Instructions for the task >>
The listing that follows should be copied in full and exactly, with no pictures.

Recorded data >>
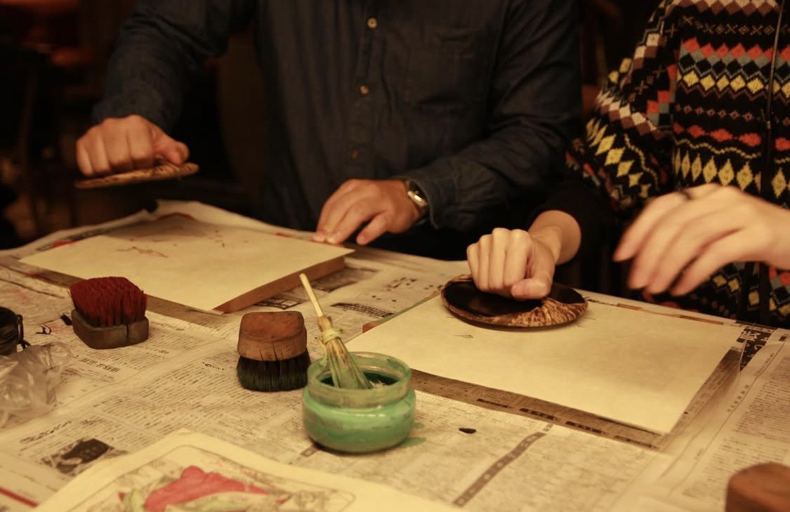 実際の浮世絵制作と同じ工程で、一枚一枚、手で摺る体験をしていただけます。
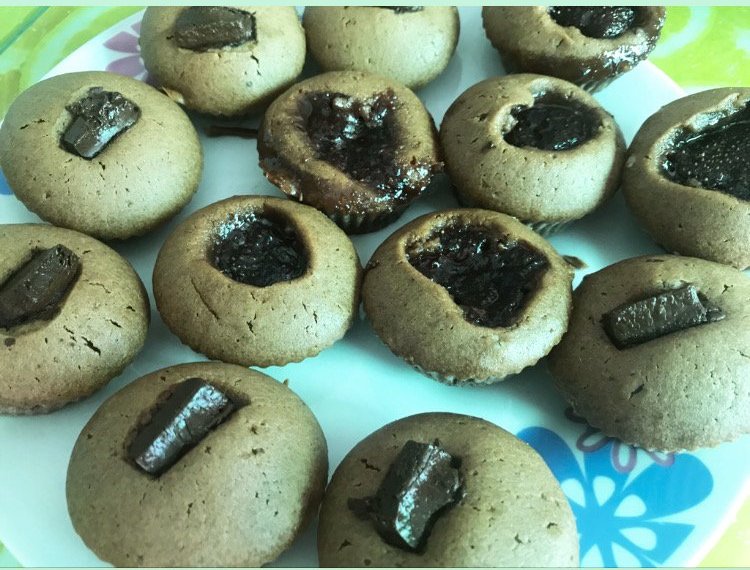 И мини кексчета. Едните с черен шоколад, другите с домашно сладко от ягоди
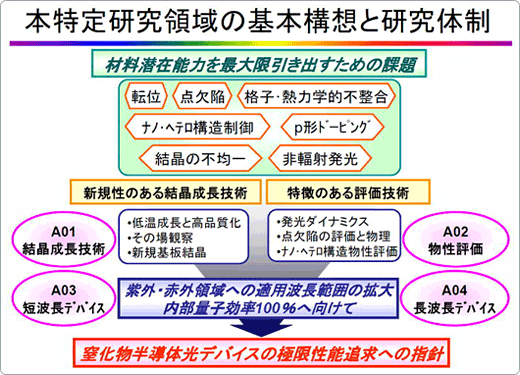 窒化ガリウム(GaN)、窒化アルミニウム(AlN)、窒化インジウム(InN)に代表される窒化物半導体は、その優れた物理的特徴から、青色・緑色発光ダイオード(LED)、白色光源、青紫色レーザ(LD)などを次々と実現し、短期間のうちに実用化を成し遂げ、社会の発展に大きく寄与してきた。しかし、窒化物半導体のもつ材料本来の能力(ポテンシャル)からすれば、これまで開発された技術の範囲は、そのほんの一部でしかない。本領域においては、材料、物性、デバイスの全ての階層での全波長領域(紫外域〜赤外域)にわたる横断的研究に取り組むことによって、「新規結晶成長技術の開発」と「欠陥物理と発光機構、不純物活性化機構の解明」に基づいて、窒化物半導体が本来持つ優れた潜在能力を極限(内部量子効率100%)まで引き出し、その適用波長領域の限界を外縁に広げる(200 nm〜2μm)ことを目指す。
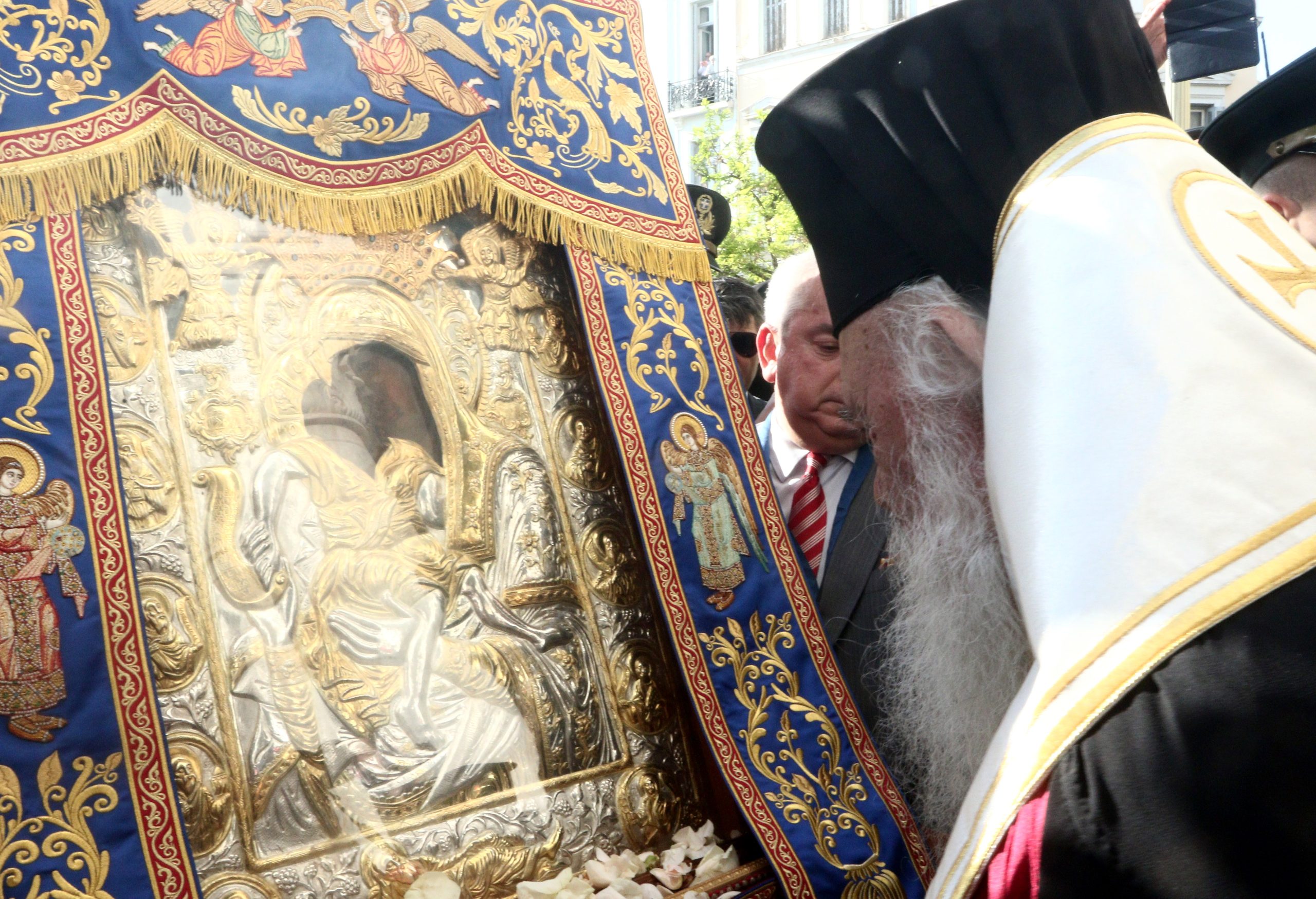 Εκατόν δέκα χρόνια μετά η εικόνα «Άξιον Εστί» που έχει βγει από το Άγιο Όρος μόνο άλλες 7 φορές στο πέρασμα των αιώνων, έφτασε στην Αθήνα το απόγευμα της Τετάρτης με τιμές αρχηγού κράτους.

Result below >>
 実際の浮世絵制作と同じ工程で、一枚一枚、手で摺る体験をしていただけます。
 И мини кексчета. Едните с черен шоколад, другите с домашно сладко от ягоди
 窒化ガリウム(GaN)、窒化アルミニウム(AlN)、窒化インジウム(InN)に代表される窒化物半導体は、その優れた物理的特徴から、青色・緑色発光ダイオード(LED)、白色光源、青紫色レーザ(LD)などを次々と実現し、短期間のうちに実用化を成し遂げ、社会の発展に大きく寄与してきた。しかし、窒化物半導体のもつ材料本来の能力(ポテンシャル)からすれば、これまで開発された技術の範囲は、そのほんの一部でしかない。本領域においては、材料、物性、デバイスの全ての階層での全波長領域(紫外域〜赤外域)にわたる横断的研究に取り組むことによって、「新規結晶成長技術の開発」と「欠陥物理と発光機構、不純物活性化機構の解明」に基づいて、窒化物半導体が本来持つ優れた潜在能力を極限(内部量子効率100%)まで引き出し、その適用波長領域の限界を外縁に広げる(200 nm〜2μm)ことを目指す。
 Εκατόν δέκα χρόνια μετά η εικόνα «Άξιον Εστί» που έχει βγει από το Άγιο Όρος μόνο άλλες 7 φορές στο πέρασμα των αιώνων, έφτασε στην Αθήνα το απόγευμα της Τετάρτης με τιμές αρχηγού κράτους.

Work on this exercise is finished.